But the real question for me isn’t whether or not Microsoft supports virtual SQL Server clusters.

The question is about whether you can support it.

Us geeks usually implement clusters because the business wants higher availability.  Higher availability means faster troubleshooting when the system is down.  We need to be able to get the system back up and running as quickly as possible.  Getting there usually means reducing the amount of complexity; complex systems take longer to troubleshoot.

If this is how your SAN team, VMware team, and DBA team hang out, you’re good with virtual clusters.

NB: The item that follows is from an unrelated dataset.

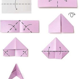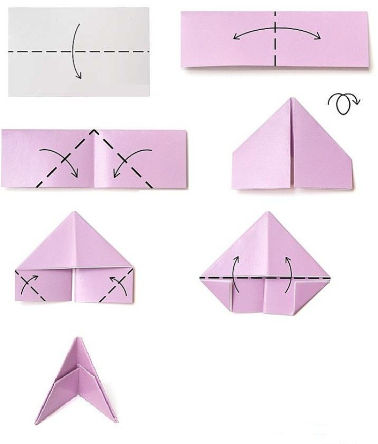 Modularly origami has recently gained a lot of popularity. And this is not surprising, since small elements are not difficult to fold. And large figures are also quite easy to obtain, having assembled them from small modules, as a designer. Modules come in different shapes, but most often they use triangular ones. They can be folded in several ways. Let us analyze the scheme of the triangular module.

Adding virtualization (which also means shared storage) makes things much tougher to troubleshoot.  If the business wants a highly available SQL Server, ask yourself these questions before virtualizing a SQL Server cluster:

  • Do you have a great relationship between the SQL Server, storage, and network teams?
  • Do all of the teams have read-only access to each others’ tools to speed up troubleshooting?
  • Do all of the teams have access to the on-call list for all other teams, and feel comfortable calling them?
  • Do you have a well-practiced, well-documented troubleshooting checklist for SQL Server outages?
  • Does your company have a good change control process to avoid surprises?
  • Do you have an identical environment to test configuration changes and patches before going live?

If the answer to any of those questions is no, consider honing your processes before adding complexity.

But the Business is Making Me Do It!

They’re making you do it because you haven’t clearly laid out your concerns about the business risk.  Show the business managers this same list of questions.  Talk to them about what each answer means for the business.  Was there a recent outage with a lot of finger-pointing between teams?  Bring that up, and remind the business about how painful that troubleshooting session was.  Things will only get worse under virtualization.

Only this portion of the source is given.